Gaan onderzoek en praktijk samen?
Het laatste blok voor de pauze draaide om de samenwerking tussen onderzoek en praktijk.  ‘Als er geen aansluiting is op de praktijk, dan is zodra het onderzoek klaar is ook de preventieve aanpak weg’, stelde  Sietske Tamminga, senior onderzoeker NCvB, POH, Amsterdam UMC. Ze presenteerde een aantal recente onderzoeken waarin een duidelijke link is naar de praktijk. Zo haalde ze het onderzoek van Florentine de Boer aan waarin wordt gekeken of het mogelijk is om met biomarkers te kunnen vaststellen of er sprake is van allergisch of irritatief contacteczeem. Ook besprak ze het onderzoek van Lima Emal naar risicocommunicatie ter voorkoming van stressgerelateerde aandoeningen in de zorg en het promotieonderzoek van Felicia Los waarin zij een training ontwikkelde om bedrijfsartsen beter uit te rusten om het PAGO/PMO beter uit te voeren. ‘Het bleek dat een digitale training daarin effectief is. Maar we leerden hier ook dat je niet alleen aandacht moet besteden aan de bedrijfsarts maar ook aan de werkgever. Die moet je meekrijgen om iets van de grond te krijgen. 
Budorf vatte de boodschap uit de presentatie kernachtig samen: ‘Je kan als onderzoeker mooie dingen verzinnen maar de praktijk zit er vaak niet op te wachten of verandert halverwege van koers. Hoe kunnen we die kloof dichten?’ 
‘Daarin zijn we niet zo goed’, stelde prof. dr. Allard van der Beek, hoofd afdeling Public and Occupational Health, Amsterdam UMC die aanschoof voor de paneldiscussie. ‘We moeten veel meer implementatieonderzoek doen. Hoe zorgen we dat iets daadwerkelijk landt. De kloof is de laatste decennia alleen maar groter geworden. Veel onderzoekers hebben geen notie van wat er in de praktijk gebeurt en andersom. Ik chargeer wellicht maar er is van beide kanten een wereld te winnen.’ 

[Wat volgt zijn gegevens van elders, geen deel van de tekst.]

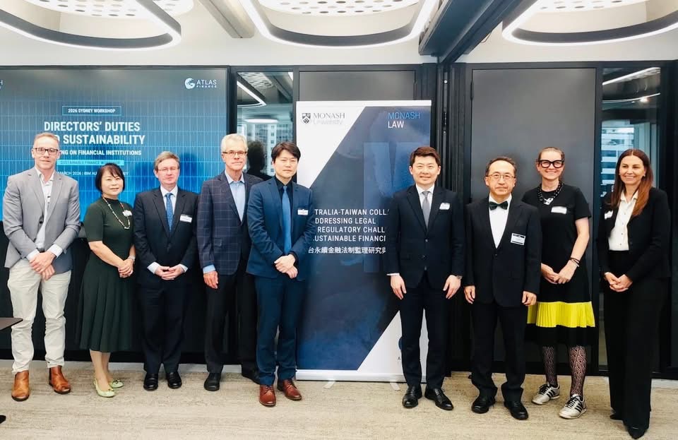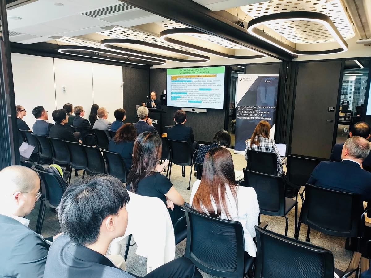 Director General David Cheng-Wei Wu, accompanied by Economic Division Director Hsiao Fu-ku, attended the Australia–Taiwan Sustainable Finance Workshop (Sydney) held at IBM Australia, joining experts from academia and the financial sector in discussions on directors’ duties and sustainability governance.
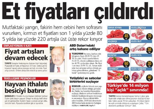 Bu arada, fiyatların ucuz olduğu söylenen Avrupa’da et ihtiyacının yüzde 70’inin domuz etiyle karşılandığım da hesaba katmak gerekiyor. Şahbazlar Et Yönetim Kurulu Başkanı Mehmet Şahbaz: "Bana göre ‘Fiyat patladı’ algısını bilerek veriyorlar. Etçiler speküasyon yapıyor, ‘Eti bulamıyoruz’ diyorlar. 4-5 yıl öncesi gibi ülkeye ithalatla ne olduğu belli olmayan eti getirmek istiyorlar. O süreçte hepsi zengin oldu bu etçilerin, üreticilerin hepsi battı. Etçiler de voliyi vurdu. İstedikleri gibi piyasada at oynattılar. Bu tamamen spekülatif bir artış. Önümüzdeki 1 ay içinde, nisan ayında etin fiyatı yaklaşık 1 TL gerileyecektir. İthalat isteyenlerin oyununa gelmemek lazım.

Budorf sloot het blok af met een positieve kijk op de toekomst van preventie in wetenschap en praktijk. ‘Preventie is nu nog vaak het stiefkindje in  de hele gezondheidszorg. Ik heb mijn pijlen daarop gezet, daar moeten we in gaan investeren. We zouden daarbij zomaar  heel goed de wind in de zeilen kunnen krijgen. Overal zijn handen te kort. Dat betekent dat je nog zorgzamer met personeel om moet gaan.’ 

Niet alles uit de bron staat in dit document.